_YOUR OBJECTIVE_
Without including any pictures, write out all the records word for word.
- - - - - - -
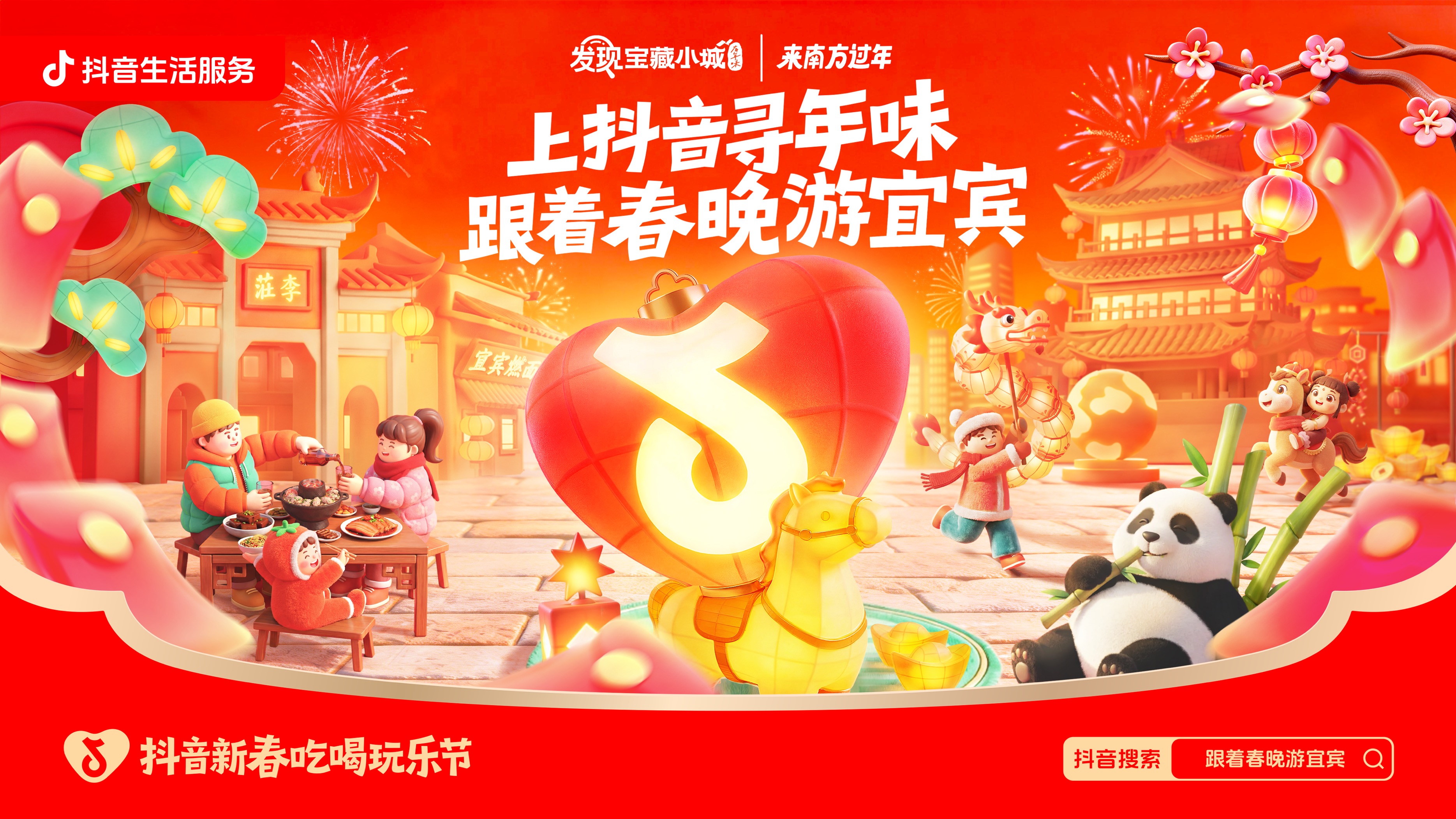 为了让这份热闹不只停留在春晚直播中,抖音生活服务联动央视总台春晚分会场宜宾,落地「跟着春晚游宜宾」活动,联动「抖音新春吃喝玩乐节」「发现宝藏小城」「来南方过年」三大IP,想把天南地北的你们请进来,尝美食、看美景、赏非遗,过一个原汁原味的春晚同款中国年。
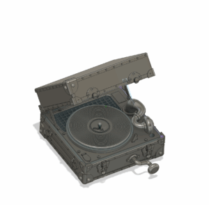 Onto the CAD work for the phonograph. Or more specifically, the Army Model D-200 Acoustical Phonograph Player by L.M. Sandwick. This one was relatively simple (save the clusterfuckery required to make the needle arm) and had plenty of great pics online!
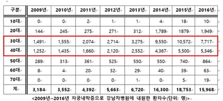 강남차병원 통계에 따르면 자궁내막증 환자가 2009년 3,184명에서 2016년 15,968명으로 최근 8년 사이 5배 가량 증가한 것으로 나타났다. 연령별로는 30대가 60.1%로 가장 많으며, 40대가 36.9%, 20대 10.8%, 50대(6.3%), 60대(0.4%), 10대(0.1%)순으로 나타났다.
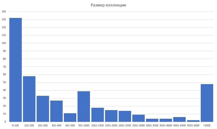 Больше всего коллекции, в которых до 100 объектов
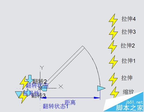1、动态块的夹点就更加多样化了,不同的动作都有不同的形状的夹点,此外还有可见性、查询列表的夹点,这里就不介绍定义方法,只是简单地看几种夹点的形式吧。可见性夹点可以通过下拉菜单选择图块不同的可见性状态,使图块呈现出不同的状态,如下图所示。
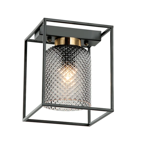 Zac ceiling light with glass shade in a steel cage The Zac ceiling light combines round shapes (cylinders) with angular ones (cuboids). The mix of materials also promises contrasts: smoky grey glass and black steel. The inner lampshade of the ceiling light is made of textured glass, which allows the bulb to be seen in silhouette. On the outside, the glass cylinder is framed by a black steel frame in cuboid form, hinting at the modern cage look.
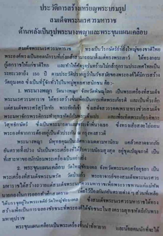 เหรียญ สมเด็จพระนเรศวร หลังพระนางพญา หลวงปู่ดุลย์ อตุโล ปลุกเสก พ.ศ.2524 เหรียญรุ่นนี้จัดสร้างโดยนายพิศาล มูลศาสตรสาทร อดีตปลัดกระทรวงมหาดไทยเป็นประธาน วัตถุประสงค์เพื่อ เป็นการเทิดพระเกียรติ แด่องค์สมเด็จพระนเรศวรและเพื่อแจกให้แก่ข้าราชการ ตำรวจ ทหาร อาสาสมัคร รวมทั้งประชาชนโดยทั่วไปเพื่อให้ปลอดภัยจากภยันตรายทั้งปวง
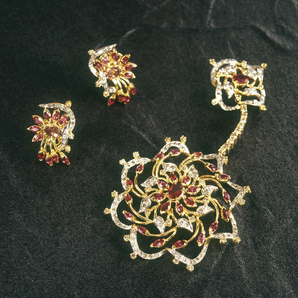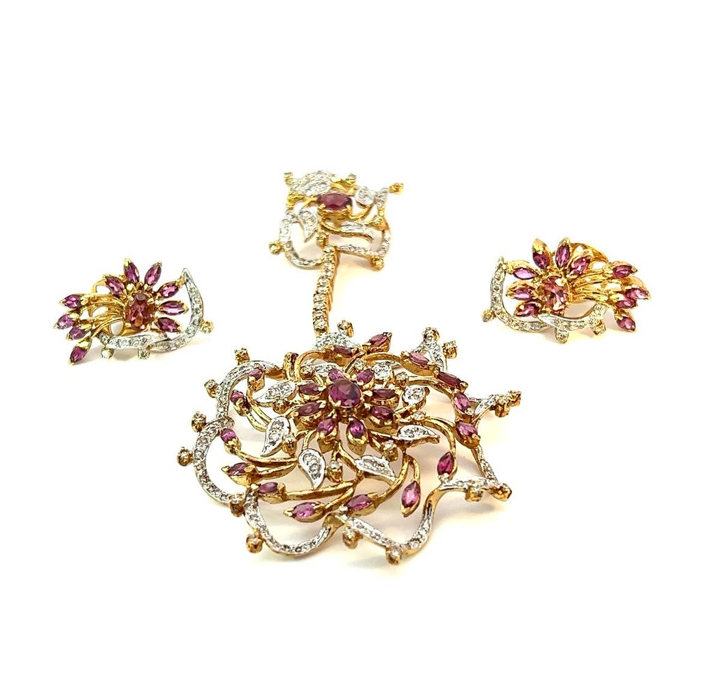 18K Yellow White Gold Pendant Earring Set with Natural Diamond & Rhodolite Jewellery
- - - - - - -
_FINISHED TASK_
 为了让这份热闹不只停留在春晚直播中,抖音生活服务联动央视总台春晚分会场宜宾,落地「跟着春晚游宜宾」活动,联动「抖音新春吃喝玩乐节」「发现宝藏小城」「来南方过年」三大IP,想把天南地北的你们请进来,尝美食、看美景、赏非遗,过一个原汁原味的春晚同款中国年。
 Onto the CAD work for the phonograph. Or more specifically, the Army Model D-200 Acoustical Phonograph Player by L.M. Sandwick. This one was relatively simple (save the clusterfuckery required to make the needle arm) and had plenty of great pics online!
 강남차병원 통계에 따르면 자궁내막증 환자가 2009년 3,184명에서 2016년 15,968명으로 최근 8년 사이 5배 가량 증가한 것으로 나타났다. 연령별로는 30대가 60.1%로 가장 많으며, 40대가 36.9%, 20대 10.8%, 50대(6.3%), 60대(0.4%), 10대(0.1%)순으로 나타났다.
 Больше всего коллекции, в которых до 100 объектов
1、动态块的夹点就更加多样化了,不同的动作都有不同的形状的夹点,此外还有可见性、查询列表的夹点,这里就不介绍定义方法,只是简单地看几种夹点的形式吧。可见性夹点可以通过下拉菜单选择图块不同的可见性状态,使图块呈现出不同的状态,如下图所示。
 Zac ceiling light with glass shade in a steel cage The Zac ceiling light combines round shapes (cylinders) with angular ones (cuboids). The mix of materials also promises contrasts: smoky grey glass and black steel. The inner lampshade of the ceiling light is made of textured glass, which allows the bulb to be seen in silhouette. On the outside, the glass cylinder is framed by a black steel frame in cuboid form, hinting at the modern cage look.
 เหรียญ สมเด็จพระนเรศวร หลังพระนางพญา หลวงปู่ดุลย์ อตุโล ปลุกเสก พ.ศ.2524 เหรียญรุ่นนี้จัดสร้างโดยนายพิศาล มูลศาสตรสาทร อดีตปลัดกระทรวงมหาดไทยเป็นประธาน วัตถุประสงค์เพื่อ เป็นการเทิดพระเกียรติ แด่องค์สมเด็จพระนเรศวรและเพื่อแจกให้แก่ข้าราชการ ตำรวจ ทหาร อาสาสมัคร รวมทั้งประชาชนโดยทั่วไปเพื่อให้ปลอดภัยจากภยันตรายทั้งปวง
 18K Yellow White Gold Pendant Earring Set with Natural Diamond & Rhodolite Jewellery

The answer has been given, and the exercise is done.